Nachdem ich bereits die fünf meiner Meinung nach größten Comebacks im Crucible Theatre gekürt habe und es inzwischen etwas länger her ist, dass ich mal ein größeres Special zu einem Snooker-Thema geschrieben habe, dachte ich, ich nehme mir heute einmal die unglaubliche WM-Geschichte von Jimmy White vor. Der heute 51-jährige Engländer ist einer der beliebtesten Spieler auf der Tour und vor allem auch bei den Fans, er gilt zudem als bester Snookerspieler aller Zeiten, der nie den Weltmeistertitel erringen konnte. Chancen dazu hatte er: Immerhin erreichte er sechs mal das Finale - von 1990-1994 sogar fünf Mal in Folge - und wurde dort allein von Stephen Hendry vier Mal teils dramatisch besiegt.

1. WM-Finale 1984: Steve Davis - Jimmy White 18:16

Mit dem Einzug ins Halbfinale der UK Championship und dem Triumph beim Masters im Rücken war der Wirbelwind guter Dinge, auch bei der WM ein gehöriges Wörtchen mitreden zu können. Er schlug weitgehend sicher Rex Williams, Eddie Charlton und Cliff Thorburn, ehe er sich gegen Kirk Stevens im Halbfinale mit 16:14 durchbiss und sein erstes Finale bei einem Weltranglistenturnier erreichte. Steve Davis geriet eigentlich nur leicht gegen Terry Griffiths im Viertelfinale in Gefahr und fuhr sonst ungefährdete und deutliche Siege ein, die Titelverteidigung im Hinterkopf. Diese nun endgültig im Fokus, schien Davis auch im Endspiel schon der sichere Sieger zu sein, als er nach der ersten Session mit 7:1 und am Ende des ersten Tages gar mit 12:4 führte. Mit weniger Druck am zweiten Tag konnte White aber 7 der 8 Frames der dritten Session gewinnen und den Rückstand auf 11:13 verkürzen. Trotz einer erneutes Rückschlages, als Davis wieder auf 16:12 davonzog, kam White ein zweites Mal zurück und auf 15:16 heran. Der umkämpfte nächste Frame ging auf die Farben an Davis, ehe der Wirbelwind mit einer 65 wieder auf 16:17 verkürzte.

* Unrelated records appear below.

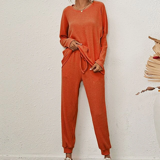 Women’s Plus Size Loungewear Sets Nighty 2 Pieces Pure Color Fashion Sport Simple Home Street Daily Polyester Breathable Gift Crew Neck Long Sleeve T Shirt Tee Pant Elastic Waist Sporty Winter Fall
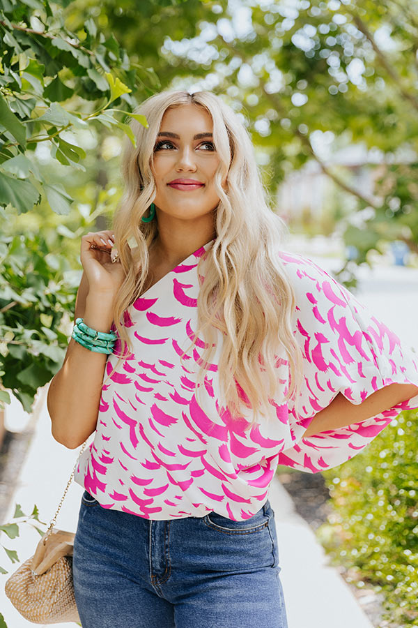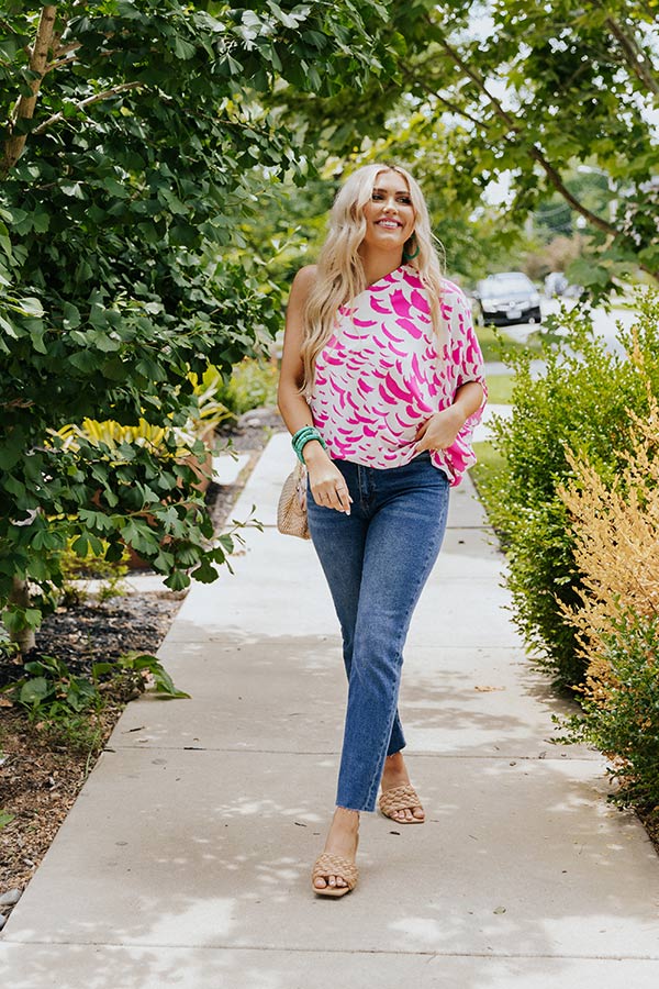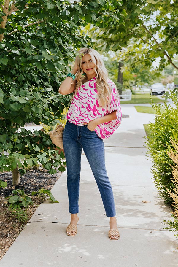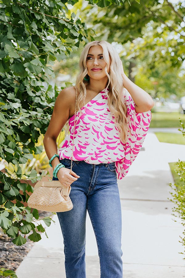 You will look like an absolute cutie when you complete your look with this adorable white shift top featuring lightweight material patterned with an abstract hot pink crescent print, a diagonal neckline and upper back with a single bat wing half sleeve, and a slouched silhouette that ends in a straight elastic hemline!
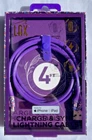 LAX Apple MFI-Certified Charge & Sync Lightning Cable 4ft Braided Purple w/Flowers New in unopened box 4 ft Purple w/multi-colored flowers on ends
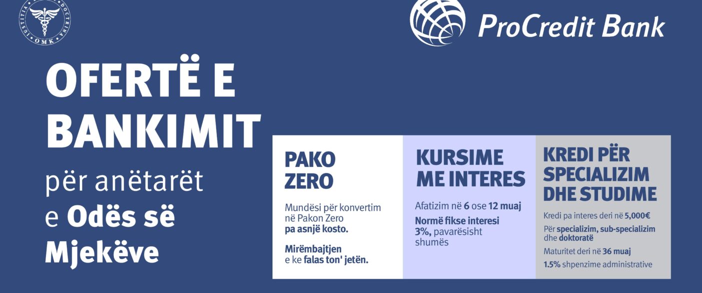 – Pagesa e anëtarësisë vjetore në OMK (100 €) mbulohet nga ProCredit Bank (vlen për një vit).
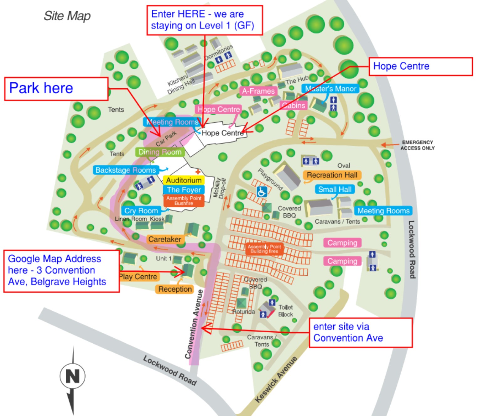 Meals and other gatherings will all be held at the new Heights Hope Centre, Belgrave Heights. For overnight accommodation:
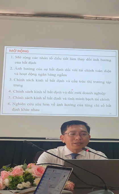 The seminar not only provided a forum for scholarly exchange between PhD candidates and lecturers, but also offered access to new theoretical viewpoints and practical applications amid a volatile global economic–financial context. In his keynote, Prof. Dr. Dang Van Dan analyzed core features of risk and uncertainty in the modern economic environment and suggested approaches for research on finance–banking models. The presentation was highly evaluated for academic rigor and applicability, especially useful for candidates in orienting and implementing their dissertations.
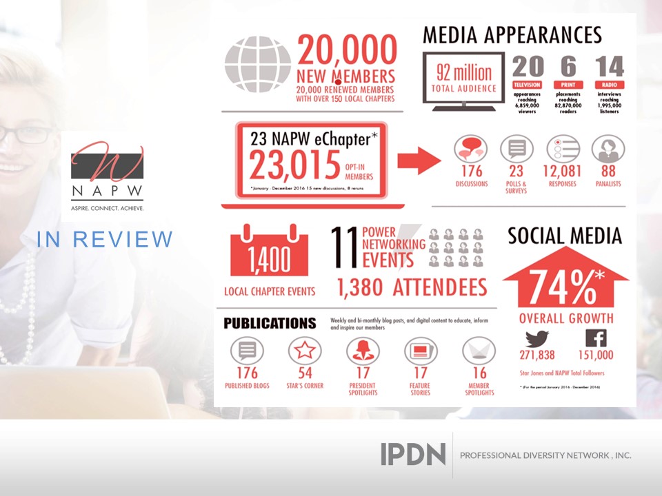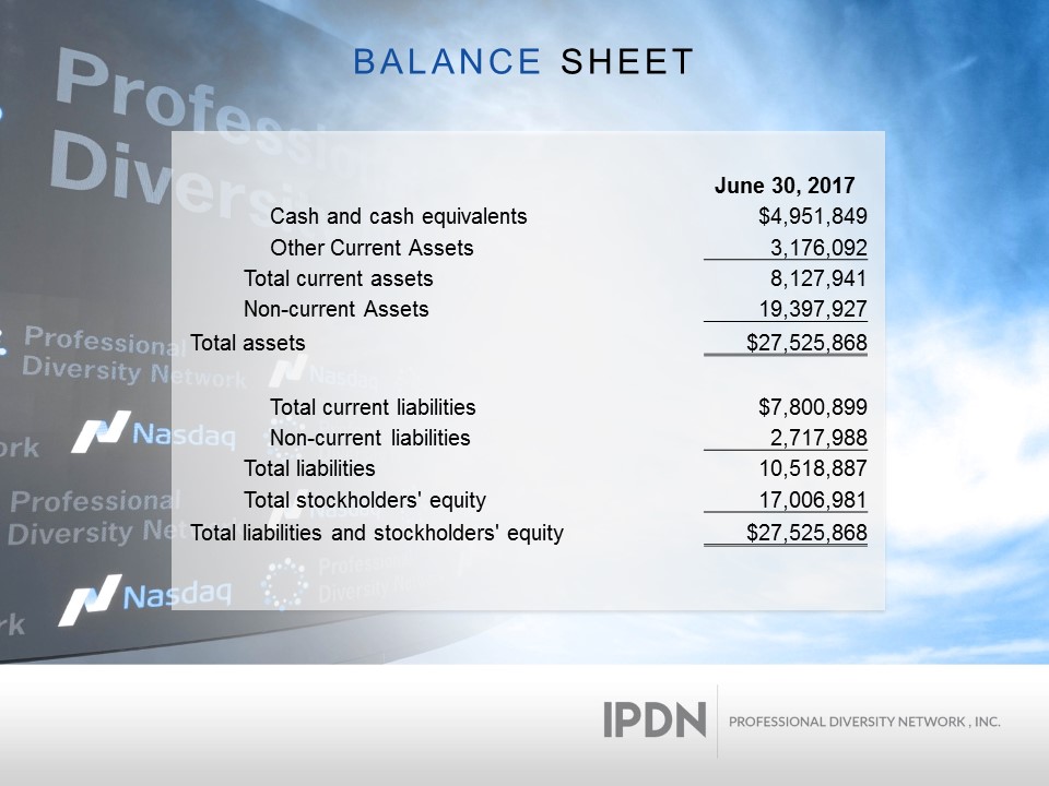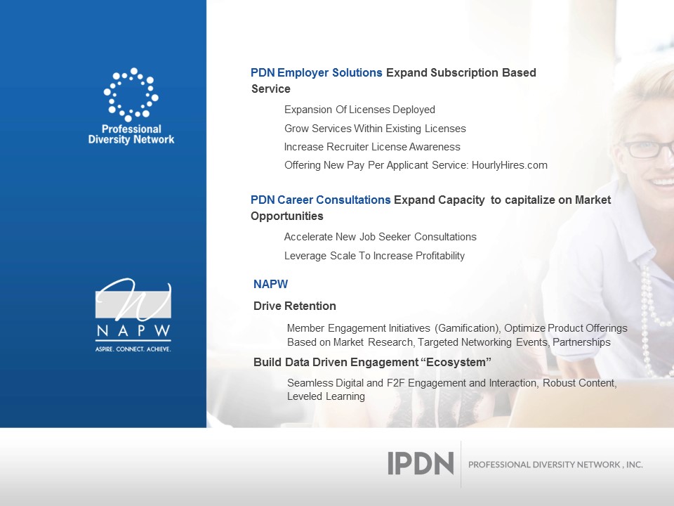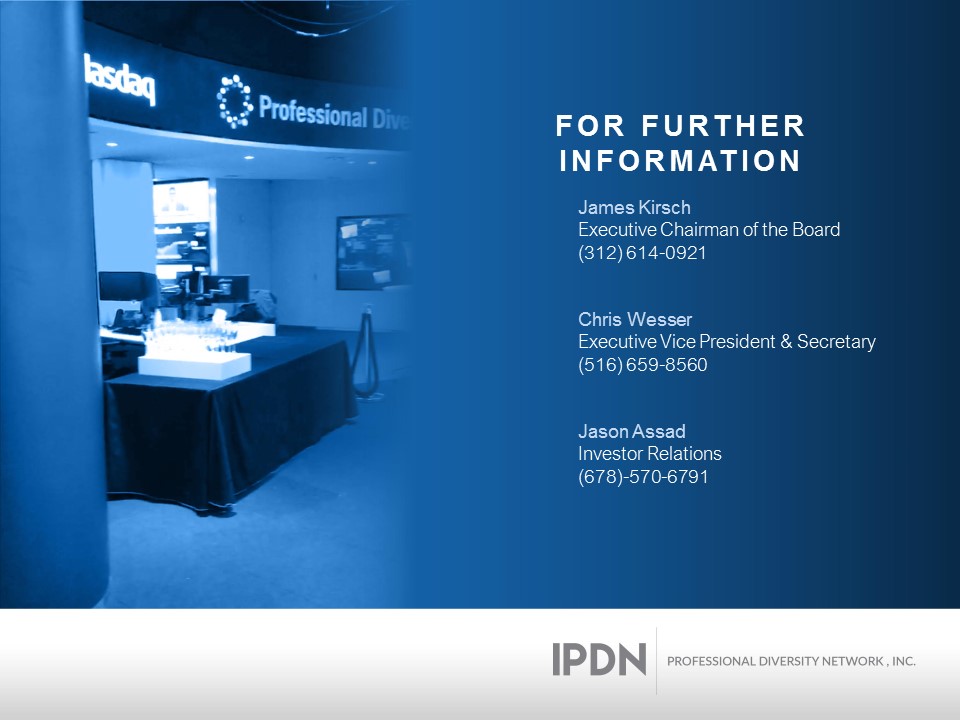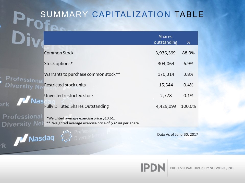 SAFE HARBOR Notice Regarding Forward Looking StatementsThis presentation contains forward-looking statements within the meaning of the Private Securities Litigation Reform Act of 1995. All statements regarding Professional Diversity Network’s (“PDN” or the “Company”) expected future financial position, results of operations, cash flows, business strategy, budgets, projected costs, capital expenditures, products, competitive positions, growth opportunities, plans and objectives of management for future operations, as well as statements that include the words such as “expects,” “reaffirms” “intends,” “anticipates,” “plans,” “believes,” “seeks,” “estimates,” “optimistic,” or variations of such words and similar expressions, are forward-looking statements. These forward-looking statements are subject to a number of risks, uncertainties and assumptions, including those described under the heading “Risk Factors” in the Company’s preliminary prospectus and filings with the Securities and Exchange Commission (the “SEC”). Moreover, the Company operates in a very competitive and rapidly changing environment. New risks emerge from time to time. It is not possible for Company management to predict all risks, nor can the Company assess the impact of all factors on its business or the extent to which any factor, or combination of factors, may cause actual results to differ materially from those contained in any forward-looking statements the Company may make. In light of these risks, uncertainties and assumptions, the forward-looking events and circumstances discussed in this presentation may not occur and actual results could differ materially and adversely from those anticipated or implied in the forward-looking statements. These risk factors are listed from time to time in PDN’s SEC filings, including but not limited to its Annual Report on Form 10-K filed on March 31, 2017. PDN does not assume any obligation to publicly update or revise any forward-looking statements for any reason.
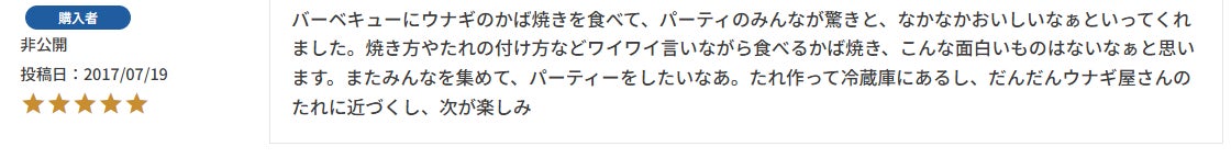 そしてBBQといえば、お肉や野菜が定番ですが、そこに“うなぎ”を持っていくと、いつもと違う驚きと喜びが!『おおっ!うなぎだ!』と歓声が上がり、場が一気に盛り上がります。贅沢で特別な一品が、仲間とのBBQをさらに楽しい時間に変えてくれることでしょう!
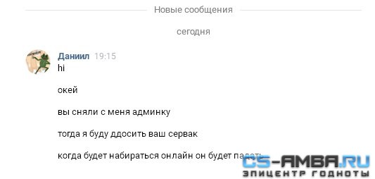 Не рекомендую с ним связываться , выдали ему временную админку на сервере , вчера забрали, и он начал ДДОСить сервер! ДДосил около часа где то , отрывками, как люди начали заходить , человек 15 набиралось ,он опять ддосил ! После этого мы начали договариваться с ним ! А он такой валенок ничего не понимающий , тех.поддержка хостинга CSSERV.RU ничего не могла сделать! но все равно ничего не начали делать , и не собирались походу! Пришлось заплатить одному человеку , но он все равно ничего не сделал, устоновил плаигны из панели , но все равно ничего не сделал ! Потом мы договорились с ним, на время! Как он ддосил: До этого слышал что у него есть панелька , он ее покупал вроде , а теперь самое главное ! Как можно защититься от ДДОС атак? Локация самая дорогая стоит AntiDdos стоит ! Ребят кто может поставить отличную защиту на 2 сервера ,пишите в ЛС мне ! Маленькие пруфы на него! Качайте внизу) Прикрепления:
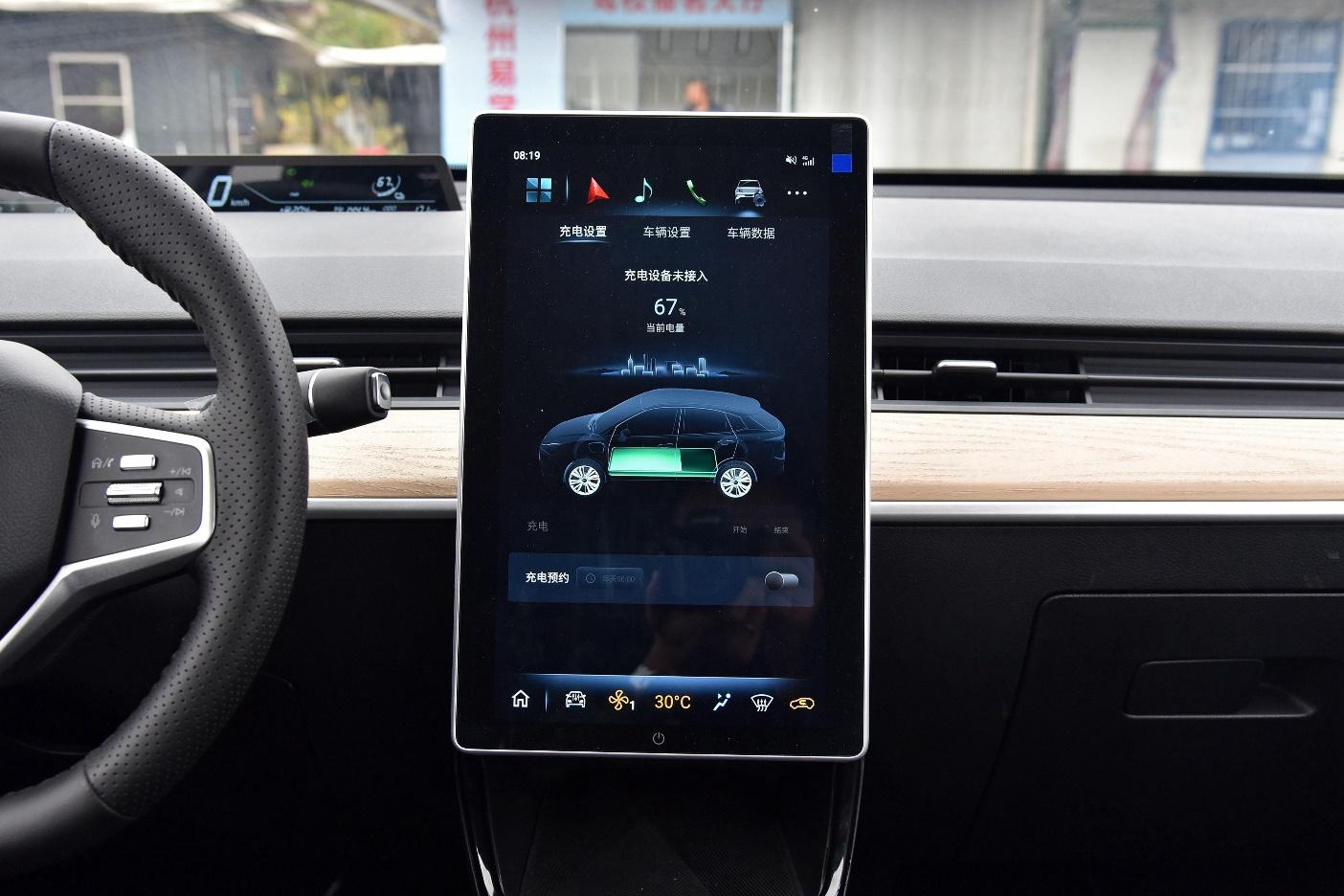 相比于目前市面上的诸多车型而言,哪吒V的内饰设计可以说极其简约,不光没有多余的装饰,同时还将车内包括车辆启动按键在内的绝大多数物理按键都取消了,所带来的的好处就是可以节约车内空间,从视觉来上看起来很开阔。
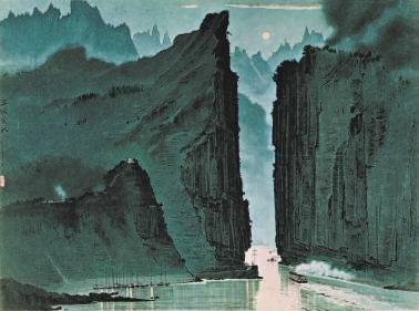 抗战时期曾经生活在重庆的画家李斛和宗其香,均于这一时期创作了以《三峡夜航》为题的巨幅画作。其中,1971年李斛创作的《三峡夜航》,描绘的是月夜下客轮驶向瞿塘峡的场景,两岸夔门崖壁耸立,在视觉上极具震撼力,远景中的崇山映照出洁白的月光,完美表现了长江的雄奇之姿。李斛作为新中国画的重要实践者,这件作品使用了大量的墨色调和青色,代表了一个时期彩墨画的成就。1977年和1980年,宗其香也分别创作了《三峡夜航》和《长江三峡夜景》。相较而言,宗其香更注重传统的笔墨意味,长江三峡江面更开阔,通过天空和江面上映射的霞光,映衬出两岸崖壁的幽深之感。
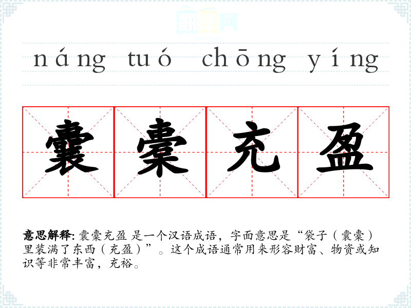 囊橐充盈 是一个汉语成语,字面意思是“袋子(囊橐)里装满了东西(充盈)”。这个成语通常用来形容财富、物资或知识等非常丰富,充裕。
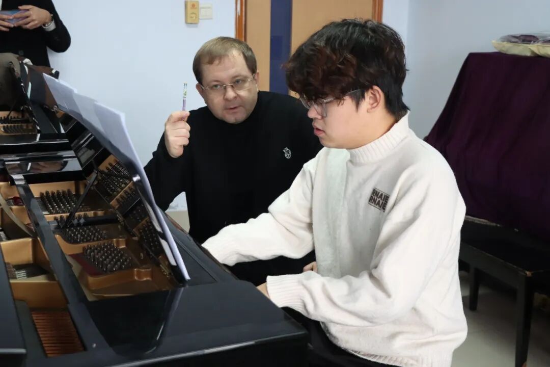 交流环节结束后,伊凡·米舒宁教授前往钢琴教室,为学生开展一对一的课堂教学指导。音乐学院院长马锡骞表示:“此次合作并非单次交流,而是我校与伊凡·米舒宁教授达成的长期合作计划,未来其将以每周的频率进校授课,为学生带来持续的国际化学术指导与教学支持。”
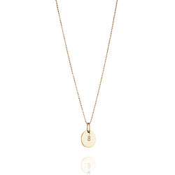 A small plate pendant in recycled 18k gold with a stamped 8 which in Asia is a symbol for fortune. The necklace comes on a bead chain measuring 45cm in length. Décor: Ø 14.5 mm.
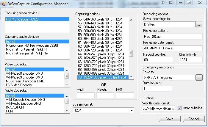 N.B.: For recording stream from camera in H.264 must be used drivers provided by Windows OS.
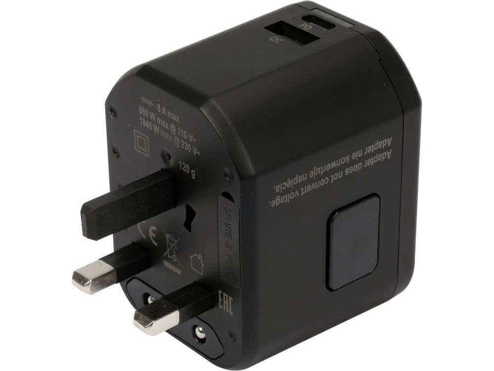 Adapter beépített töltővel és két USB porttal, gyors töltési technológiával, több mint 150 ország szabványának megfelelő.
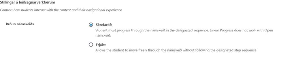 • Frjálst: Leyfir nemanda að fara í gegnum námskeiðið án þess að fylgja tilgreindri skrefaröð.
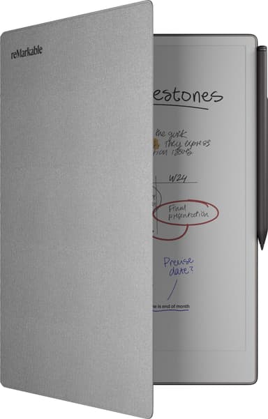 reMarkable BookFolio Pro håller din reMarkable Pro-enhet säker och snygg. Det förstklassiga polymervävskyddet förbättrar din stil och fäster magnetiskt på din enhet samtidigt som det lämnar utrymme på sidan för din reMarkable Marker.Läs mer om produkten
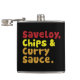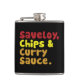 Saveloy, Chips & Curry Sauce. Hip Flask
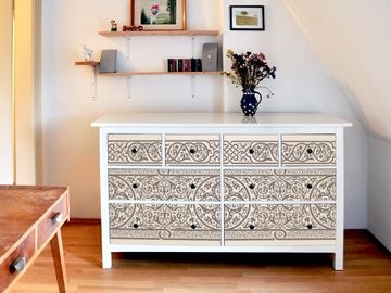 FUNKTION: Die banjado Möbelfolie mit Motiv Keltischer Knoten zaubert im Handumdrehen aus Ihrer Ikea HEMNES Kommode ein individuell gestaltetes Unikat. Verziert mit einem traumhaften Motiv verbindet die HEMNES Kommode jede Menge Stauraum mit ansprechendem Design. Die gezeigte IKEA HEMNES Komode ist nicht im Angebot enthalten. DESIGN: Die banjado Klebefolie gestaltet Ihr Ikea Möbelstück völlig neu. So passt sich die HEMNESKommode verschiedenen Einrichtungsstilen an. Lassen Sie Ihrer Kreativität freien Raum, wir helfen Ihnen bei der Umsetzung. DETAILS: Der banjado Keltischer Knoten Möbelsticker ist selbstklebend und wird Ihnen bereits fertig zugeschnitten geliefert. Sie können Schritt für Schritt jede Schublade einzeln bekleben, eine detaillierte Verklebeanleitung liegt selbstverständlich bei. Die Folie ist mit einem zusätzlichen Laminat überzogen, dass Ihr Möbelstück zusätzlich vor Kratzern schützt. NUTZEN: Sie können die banjado Möbelfolie wunderbar nutzen, um abgeplatzte, schmutzige oder unschöne Stellen an Ihrer Malm Kommode zu überdecken. Mit einem wechselnden Design können Sie Ihren Einrichtungsstil ändern oder aus einer Kinderkommode eine Flurkommode gestalten. Alle verwendeten Farben sind lösungsmittelfrei. BANJADO: Ihre Design Folie wird in Sachsen in einer kleinen Manufaktur angefertigt und verpackt. Wir legen großen Wert auf die Verbindung von Funktionalität und Design.
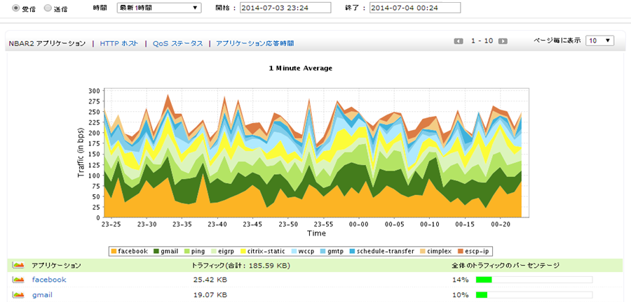 Cisco AVC情報を含むNetFlowを受信し、NBAR2アプリケーション毎、HTTPホスト毎、QoSクラス階層毎の帯域使用情報、およびNBAR2アプリケーションの応答時間に関するレポートを表示します。FacebookやGmail、Twitterなど、1,000を超えるNBAR2アプリケーションを識別します。

Die erste von 6 WM-Final-Niederlagen konnte er dennoch nicht mehr verhindern: Davis siegte 18:16, gewann damit seinen dritten WM-Titel und wurde der erste Spieler, der im Crucible Theatre seinen Titel verteidigen konnte.

2. WM-Finale 1990: Jimmy White - Stephen Hendry 12:18

Ganze 6 Jahre sollte es dauern, bis Jimmy White erneut das Endspiel der Weltmeisterschaft erreichen sollte. Doch die Zeit nutzte der Wirbelwind sinnvoll: Inzwischen landeten 4 Titel bei Weltranglistenturnieren und diverse andere Trophäen in seinem Portfolio, hinzu kam die für ihn in seiner gesamten Karriere höchste Weltranglistenposition Nummer 2 in den Saisons 87/88 und 88/89. Nach Siegen über Danny Fowler, John Virgo, Terry Griffiths und schließlich auch Steve Davis - der damit zum ersten Mal seit 4 Jahren wieder ein WM-Match verlor - erreichte White endlich wieder das Finale und hoffte auf seine Chance. Diese sollte ihm letztlich von einem 21-jährigen jungen Mann zunichte gemacht werden, der später als erfolgreichster und bester Snookerspieler aller Zeiten gelten wird. Stephen Hendry, bereits mit fünf Turniersiegen im Gepäck, war schon die Nummer 3 der Weltrangliste und übernahm bereits durch den Finaleinzug die Nummer 1-Position nach der WM. Nach einem absolut ausgeglichenen ersten Tag führte Hendry mit 9:7, ein Favorit war nicht auszumachen. Das änderte sich jedoch, als der Schotte die ersten vier Frames der dritten Session für sich entscheiden konnte und seine 6 Frames Vorsprung nicht mehr wirklich abgab. Obwohl der Wirbelwind später noch einmal auf 12:16 herankam, ließ sich Hendry die Butter nicht mehr vom Brot nehmen. Er wurde mit 21 Jahren und 106 Tagen der bis heute jüngste Weltmeister aller Zeiten und gewann seinen ersten von insgesamt sieben WM-Titeln.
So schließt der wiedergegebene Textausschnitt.